-- Opening Marker --

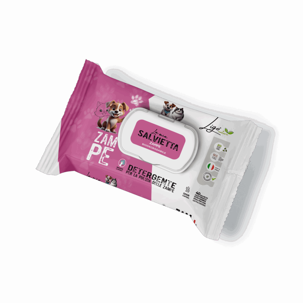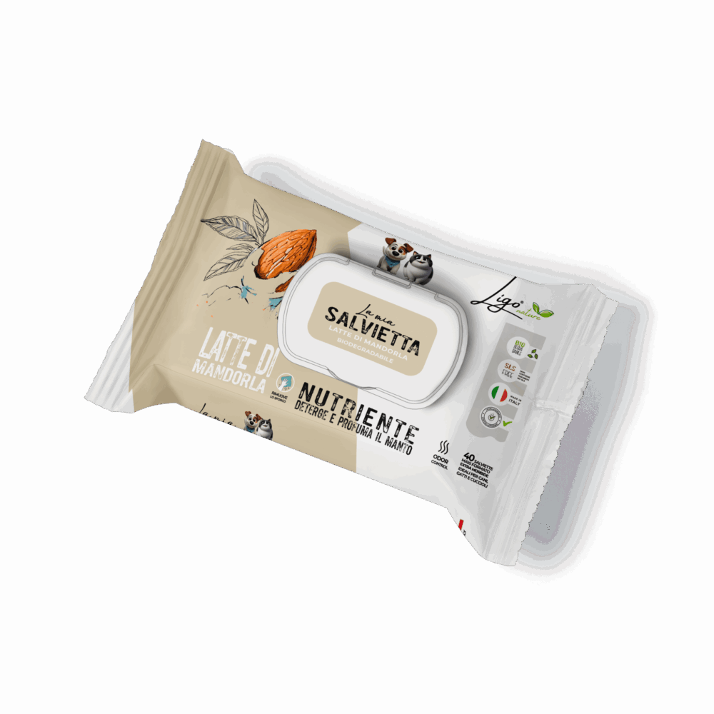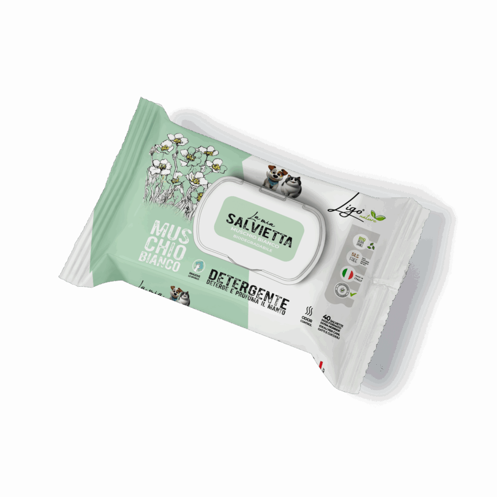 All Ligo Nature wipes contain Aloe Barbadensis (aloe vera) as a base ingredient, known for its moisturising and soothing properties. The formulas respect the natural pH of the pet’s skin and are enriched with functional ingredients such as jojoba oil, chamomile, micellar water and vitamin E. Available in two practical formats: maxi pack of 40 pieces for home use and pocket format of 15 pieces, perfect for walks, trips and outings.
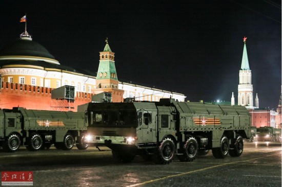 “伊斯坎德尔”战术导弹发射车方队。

-- Closing Marker --
-- Opening Marker --

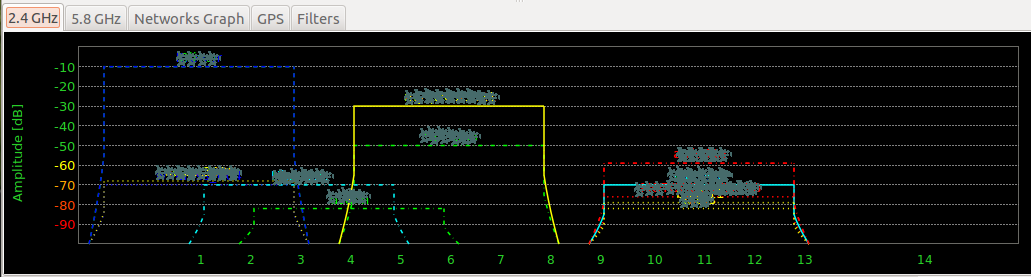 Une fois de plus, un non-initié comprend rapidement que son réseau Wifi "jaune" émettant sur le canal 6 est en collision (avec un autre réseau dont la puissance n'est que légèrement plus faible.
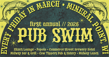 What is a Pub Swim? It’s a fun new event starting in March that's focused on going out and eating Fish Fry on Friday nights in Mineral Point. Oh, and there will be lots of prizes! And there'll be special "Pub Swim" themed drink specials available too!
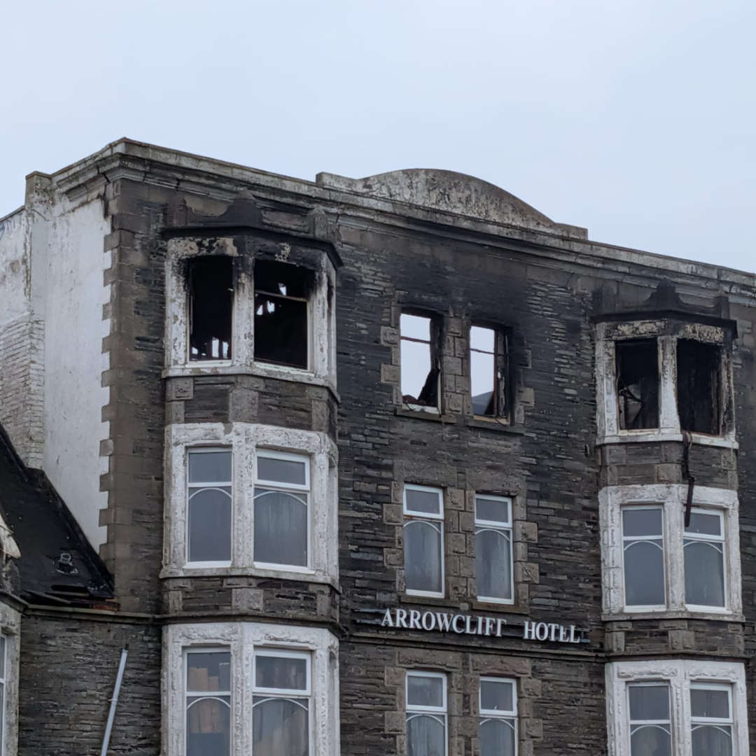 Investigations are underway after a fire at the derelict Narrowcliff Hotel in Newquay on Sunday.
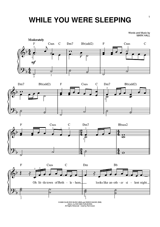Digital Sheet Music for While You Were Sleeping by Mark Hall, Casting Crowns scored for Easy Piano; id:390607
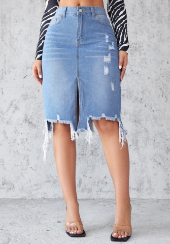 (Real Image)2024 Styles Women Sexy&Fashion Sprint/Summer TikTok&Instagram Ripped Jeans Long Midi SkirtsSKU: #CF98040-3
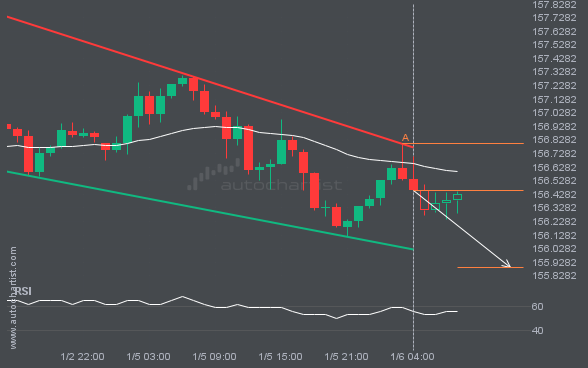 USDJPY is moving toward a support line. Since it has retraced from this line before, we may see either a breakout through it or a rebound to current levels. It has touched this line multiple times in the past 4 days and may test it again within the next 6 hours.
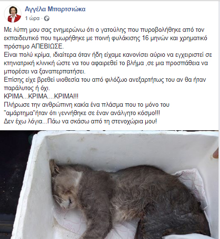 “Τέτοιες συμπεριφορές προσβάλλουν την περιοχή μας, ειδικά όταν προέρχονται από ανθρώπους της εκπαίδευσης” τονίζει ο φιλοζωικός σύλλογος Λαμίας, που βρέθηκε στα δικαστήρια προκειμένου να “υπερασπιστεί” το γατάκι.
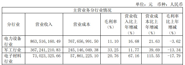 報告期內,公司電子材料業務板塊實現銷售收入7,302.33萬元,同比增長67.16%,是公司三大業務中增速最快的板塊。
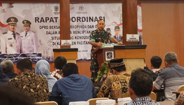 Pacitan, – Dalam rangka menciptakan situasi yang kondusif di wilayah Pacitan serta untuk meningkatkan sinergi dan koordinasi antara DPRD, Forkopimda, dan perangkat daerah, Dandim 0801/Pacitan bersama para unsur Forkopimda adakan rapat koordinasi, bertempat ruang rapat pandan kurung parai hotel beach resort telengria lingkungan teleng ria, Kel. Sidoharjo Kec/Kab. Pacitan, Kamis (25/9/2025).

-- Closing Marker --
-- Opening Marker --

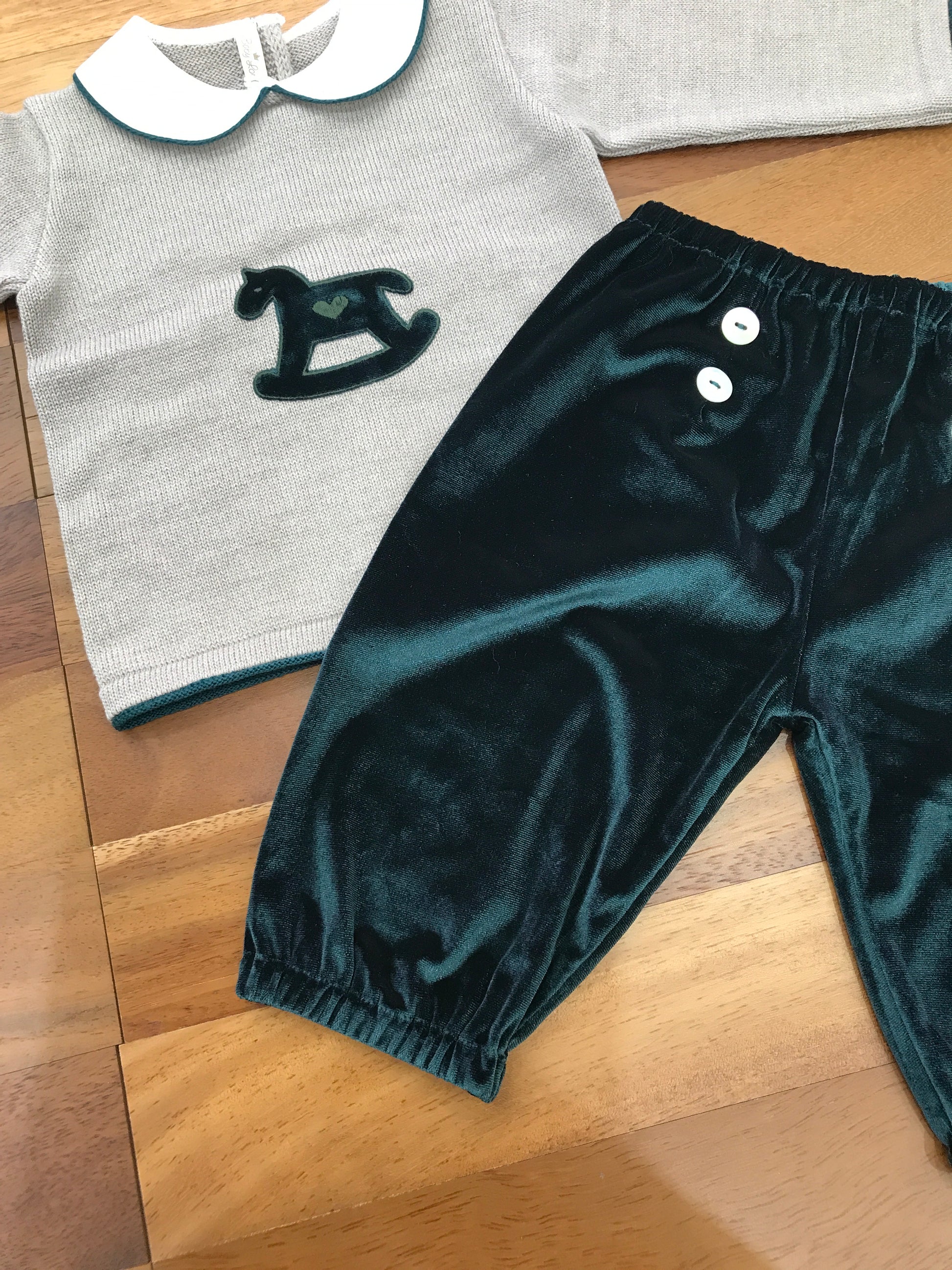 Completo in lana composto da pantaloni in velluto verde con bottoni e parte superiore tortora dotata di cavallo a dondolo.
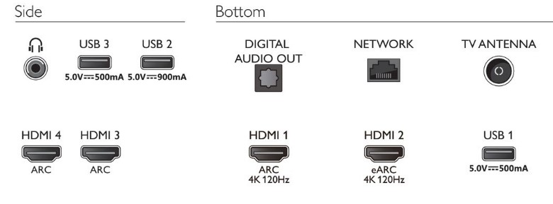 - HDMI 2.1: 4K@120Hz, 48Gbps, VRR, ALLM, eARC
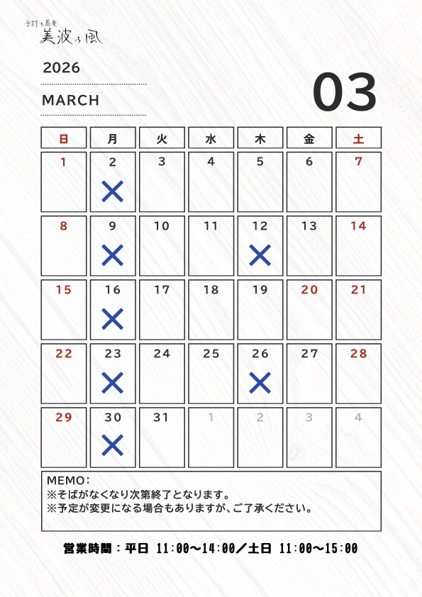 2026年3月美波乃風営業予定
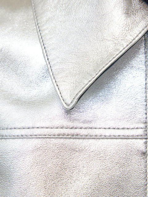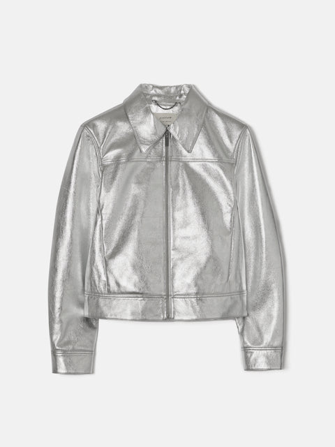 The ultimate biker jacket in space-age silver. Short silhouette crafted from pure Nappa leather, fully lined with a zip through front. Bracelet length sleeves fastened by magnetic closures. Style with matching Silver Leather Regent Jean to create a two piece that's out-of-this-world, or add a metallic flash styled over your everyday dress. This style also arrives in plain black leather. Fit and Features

-- Closing Marker --

**Try it:**
Print the line above containing "συμπεριφορές προσβάλλουν την", the line containing "報告期內,公司電子材料業務板", and everything between them, exactly as written. Pictures stay out.

**Expected answer:**
 “Τέτοιες συμπεριφορές προσβάλλουν την περιοχή μας, ειδικά όταν προέρχονται από ανθρώπους της εκπαίδευσης” τονίζει ο φιλοζωικός σύλλογος Λαμίας, που βρέθηκε στα δικαστήρια προκειμένου να “υπερασπιστεί” το γατάκι.
 報告期內,公司電子材料業務板塊實現銷售收入7,302.33萬元,同比增長67.16%,是公司三大業務中增速最快的板塊。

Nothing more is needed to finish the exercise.